1. Het persoonlijk betrekken van het goed
De verhuurder kan op elk ogenblik de overeenkomst
beëindigen om het goed persoonlijk te betrekken en
Art. 3, § 2
van de huurwet
dit uitsluitend op voorwaarde een opzegging van zes
maand te betekenen.
Om geldig te zijn moet de opzegging het motief en de
identiteit van de persoon vermelden die het gehuurde
goed werkelijk zal betrekken.
Deze persoon kan zijn:
• de verhuurder zelf;
• zijn/haar echtgeno(o)t(e);
• zijn/haar kinderen, kleinkinderen of geadopteerde
kinderen en de kinderen van de echtgeno(o)t(e);
• bloedverwanten in de opgaande lijn (vader,
moeder, grootouders) en deze van zijn/haar
echtgeno(o)t(e);
• broers, zusters, ooms, tantes, neven, nichten en
deze van de echtgeno(o)t(e).
Een opzeg door de verhuurder voor het betrekken
door familieleden in de derde graad is niet meer mogelijk
tijdens de eerste drie jaar van de huurovereenkomst.
Dit geldt voor de contracten gesloten of vernieuwd
vanaf 31 mei 1997.
De huurder kan aan de verhuurder een bewijs van
verwantschap vragen. De verhuurder dient dan
binnen twee maand dit bewijs voorgelegd te hebben
anders kan de huurder de nietigverklaring van
de opzegging vorderen. Deze vordering dient de
huurder op zijn beurt in te stellen ten laatste twee
maand voor het einde van de opzeggingstermijn.
Deze regel geldt reeds voor de huurovereenkomsten
die lopen op 31 mei 1997.
Hoe kan de huurder de naleving van deze voorwaarden
nagaan?
De wet voorziet dat het persoonlijk betrekken van
het goed door de verhuurder of een familielid moet
plaatsvinden in het jaar na het verstrijken van de
gegeven opzeg, of ingeval van verlenging, na
teruggave van het goed door de huurder, en dat
het goed werkelijk en doorlopend betrokken moet
blijven gedurende minstens twee jaar.
Indien deze voorwaarden niet vervuld worden,
heeft de huurder recht op een vergoeding gelijk
aan 18 maand huurprijs tenzij de verhuurder een
buitengewone omstandigheid kan inroepen.
Indien de verhuurder de huurovereenkomst vroegtijdig
beëindigt door middel van een opzeg van zes
maanden om reden van persoonlijke bewoning, uitvoering
van werken of zelfs zonder motief, kan de
huurder een tegenopzeg geven van één maand,
zonder een schadevergoeding te betalen ook al gebeurt
de opzeg tijdens de eerste drie jaar van zijn
contract.
Tot slot geldt vanaf 1 juli 2007 de regel dat tot zolang
het huurcontract niet geregistreerd is, de
huurder een niet binnen de wettelijke termijn geregistreerde
huurovereenkomst kan beëindigen zonder
een opzeggingstermijn in acht te nemen en
zonder een vergoeding te betalen.
Bron
http://www.belgium.be/nl/publicaties/publ_de_huurwet
Dit ziet er geldig uit. behalve nu vraagt de vorige baas haar drie maanden huishuur vooraleer zij mag vertrekken naar haar nieuwe woonst.

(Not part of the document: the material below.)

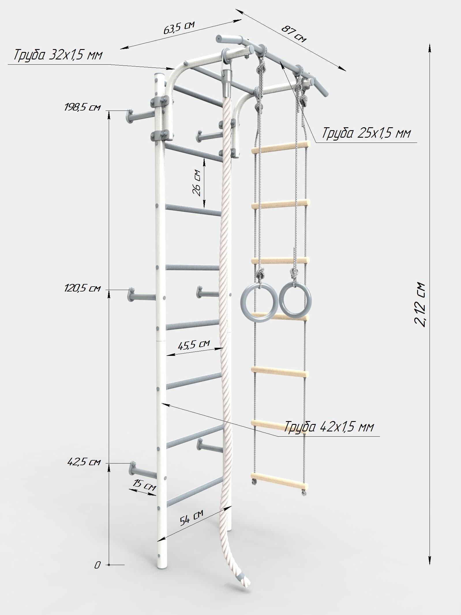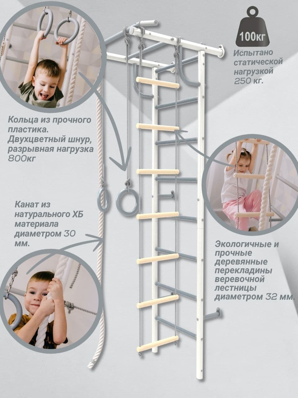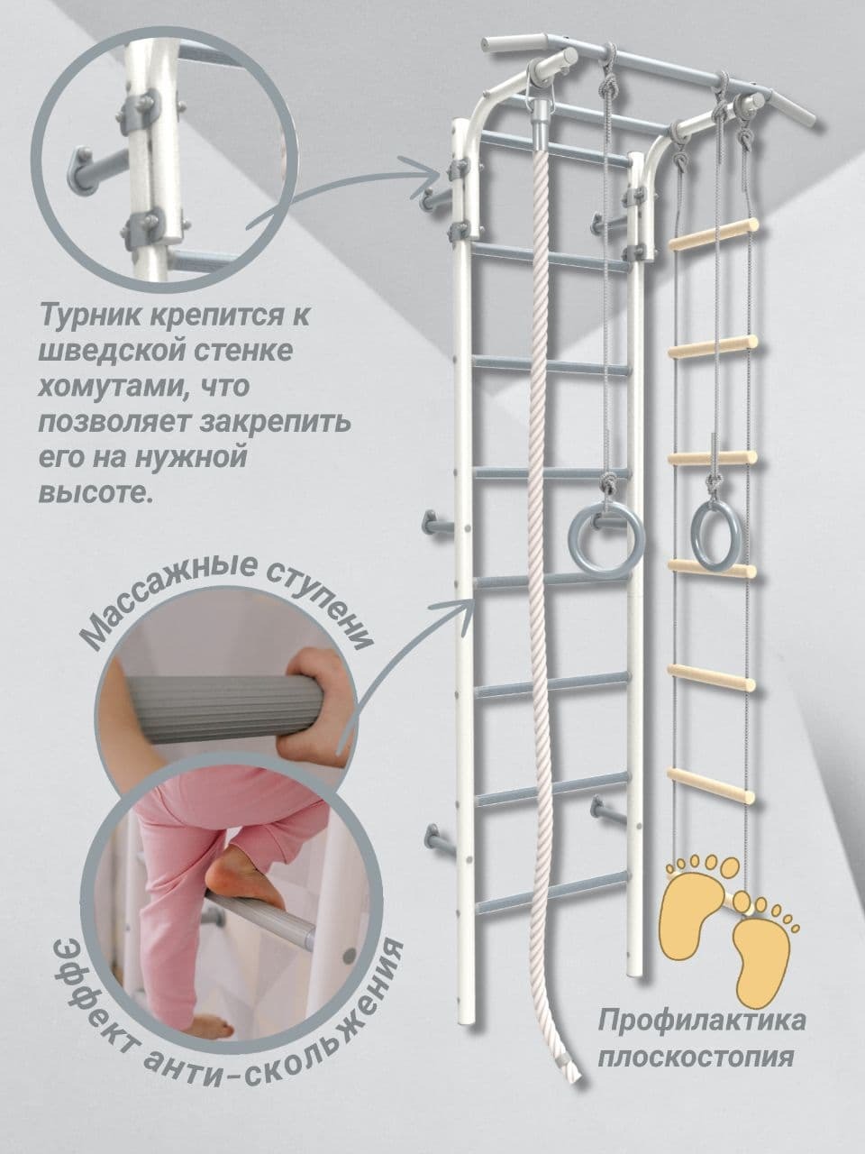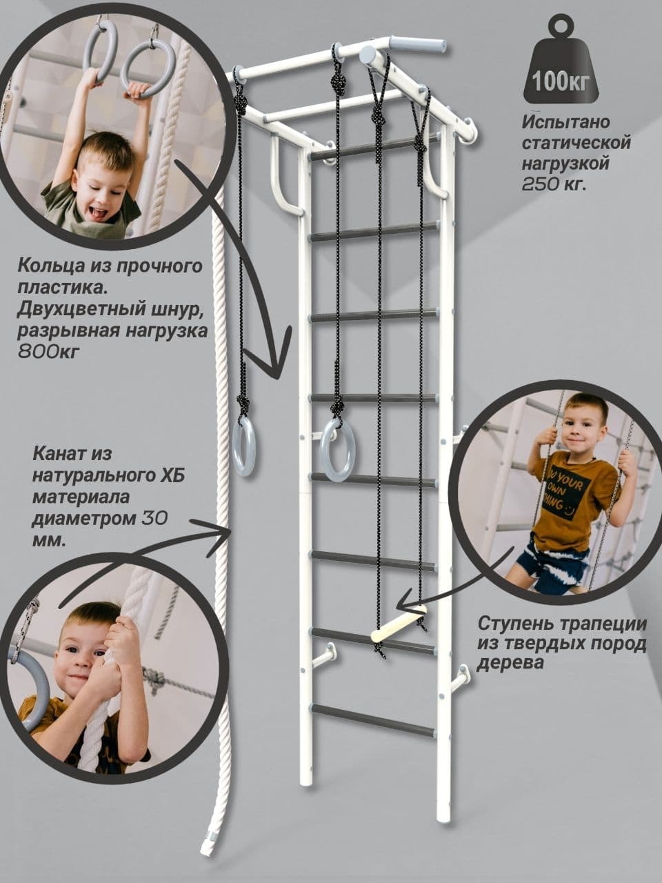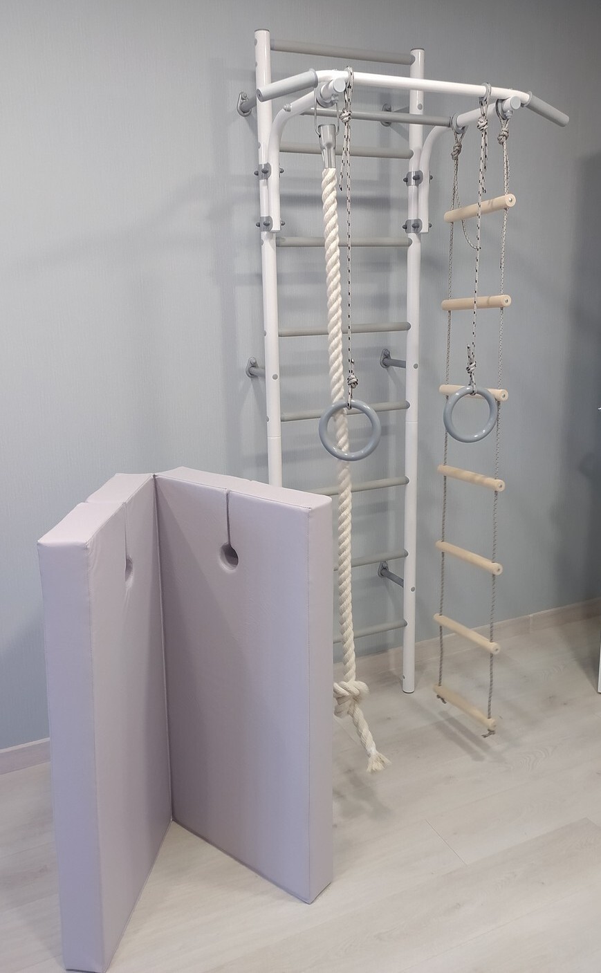 Турник настенный с навесным оборудованием белый Лестница веревочная, канат, кольца гимнастические

Dus zou me gewoon aan die maand tegen opzeg houden. (indien geregistreerd)
Een aangetekende brief sturen dat ze kennis heeft genomen van de opzeg voor eigen bewoning maar niet akkoord kan gaan met het betalen van 3 maand huur.
Normaal een opzeg van 6 maand maar 8 maand moet ook kunnen.
Normaal zou ze ook uitstel kunnen vragen maar ik vrees dat de rechter dat niet zal toestaan omdat ze reeds 8 maand kreeg.